Mais pour Alain Carbonneau, l’argument théorique de la résistance monogénique des rv5 et rV6 ne tient pas devant une décennie de pratique. Et « si le géniteur, Muscadinia rotundifolia, était monogénique, il y aurait de toute façon déjà eu contournement de sa résistance… » Un raisonnement qui n’a toujours pas convaincu les décideurs de l’INRA. Mais de nouvelles découvertes pourraient changer la donne, en attestant scientifiquement d’une résistance polygénique.
Le gène majeur Run1, complété par RGA4 et RGA8
Dans un article à paraître dans le numéro de février du Progrès Agricole et Viticole (dont il est le rédacteur en chef), Alain Carbonneau estime démontrer que la résistance des variétés d’Alain Bouquet est sans conteste polygénique. Il se base pour cela sur les dernières recherches d’Angela Feechan (cliquer ici pour accéder à l’étude), qui démontre que le gène Run1 « est épaulé par des gènes complémentaires, la combinaison de leurs effets dominant les capacités du parasite ».
Reposant sur des organismes génétiquement modifiés, ces expériences démontrent que pour être totale, la résistance à l’oïdium ne doit pas reposer sur le seul Run1. Expérimentalement, les individus, obtenus par transgénèse, avec le seul gène Run1 ne sont pas assurés d’être résistants à l’oïdium (mais ils sont tolérants). Identifiés, ces gènes complémentaires ont été baptisés RGA4 et RGA8. Les variétés d’Alain Bouquet ne sont donc pas monogéniques, conclut Alain Carbonneau.
Ayant tout juste informé instances dirigeantes de l’INRA de ces nouveaux éléments, Alain Carbonneau espère un rapide changement de paradigme. Car le vignoble français s’impatiente, d’autant plus que l’usage des produits phytopharmaceutiques en viticulture fait débat dans la société française. Le dernier conseil spécialisé de FranceAgriMer a ainsi adopté le projet d’arrêté permettant le classement accéléré au catalogue français de 25 cépages résistants allemands, italiens et suisses (déjà classés dans leurs pays).

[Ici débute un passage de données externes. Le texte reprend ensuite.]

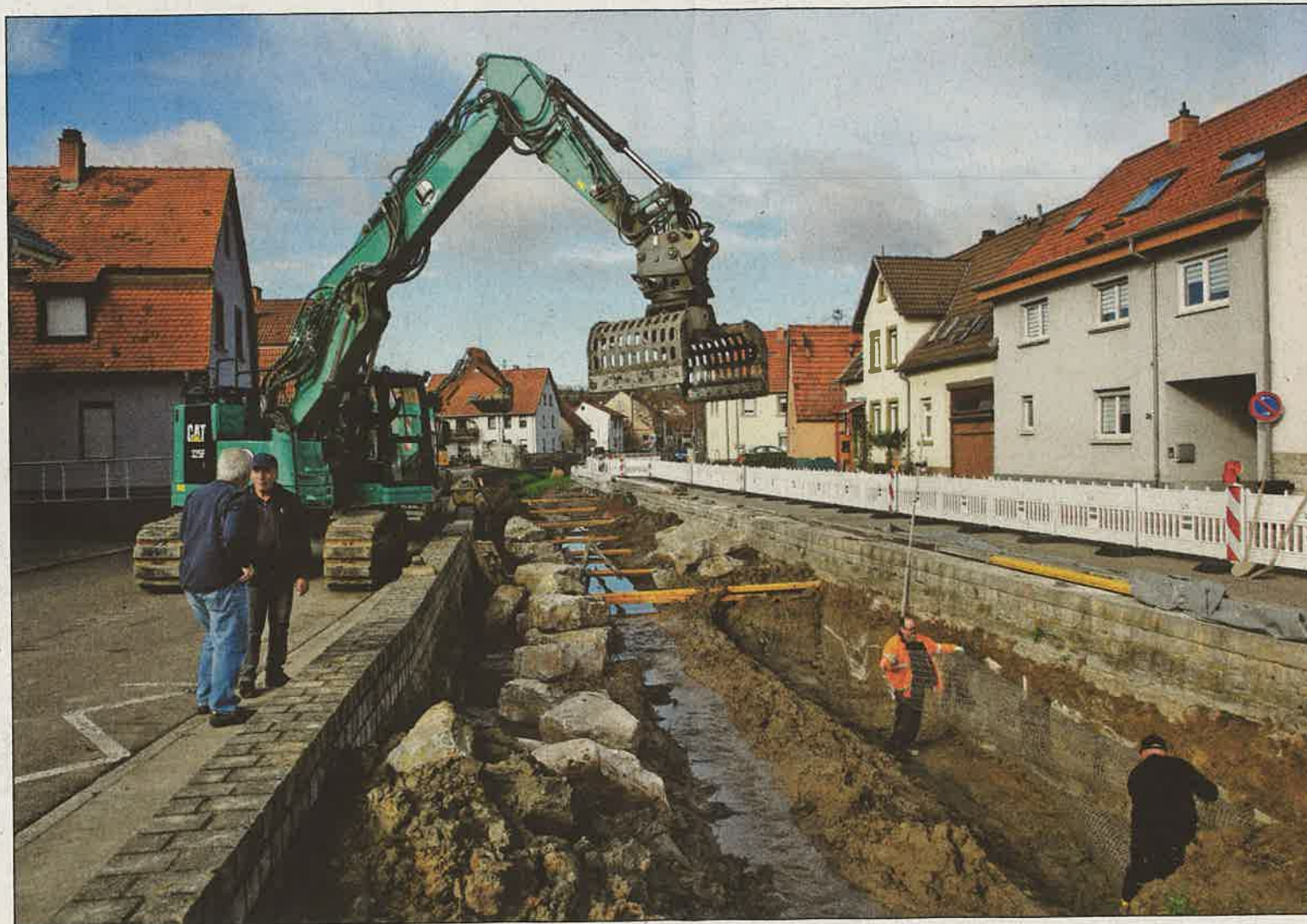
Erster Schritt für den hochwassersicheren Ausbau des Gauangelbachs: Die Fundamente der Ufermauern werden verstärkt. In manchen Bereichen werden die Mauern zudem erhöht. Anschließend werden Flussbausteine eingesetzt, um die Fundamente zu schützen.

Der neue Bachlauf wird dabei nicht wie zurzeit in gerader Linie geführt, sondern in unterschiedlicher Breite und einem geschlängelten Verlauf angelegt. Um die Abflussmenge von 15 Kubikmeter pro Sekunde für ein einhundertjähriges Hochwasser zuzüglich Klimafaktor abzuführen, muss der Abflussquerschnitt des Gauangelbachs deutlich vergrößert werden. Da die Gewässerbreite durch die beiden

« Il ne faut plus retenir nos variétés. J’ai honte de voir que dans les nouvelles variétés que les professionnels veulent inscrire, il n’y en a pas une française alors que notre recherche viticole a des propositions sur le sujet » regrette Alain Carbonneau, prédisant que « le catalogue français va se remplir de cépages résistants étrangers que les pépiniéristes vont multiplier et distribuer. Quand l’INRA arrivera, on sera en dehors du coup… A moins d’une variété miracle ! »
* : En pratique, il s’agit des cinq et sixièmes générations de rétrocroisement de Vitis vinifera à partir d'hybride de la variété américaine Muscadinia rotundifolia (les individus rV5 affichent un peu plus de 1 % du génome non-vinifera, les rV6 moins de 1 %).
Touchant juste, le dernier envoi d’Alain Carbonneau concerne les variétés Resdur : « il n’est pas sûr que le programme puisse répondre aux demandes en 2017. Les deuxièmes générations Resdur ont montré des signes rédhibitoires de phylloxéra gallicole et de black-rot en 2015… » Des difficultés techniques sur lesquelles il appuie d’autant plus que les variétés rV5 et rV6 présentent des qualités viticoles et œnologiques avérées. Un potentiel sensoriel dont le plus convaincu semble être Jacques Gravegeal, le président de l’Interprofession des vins IGP Pays d’Oc.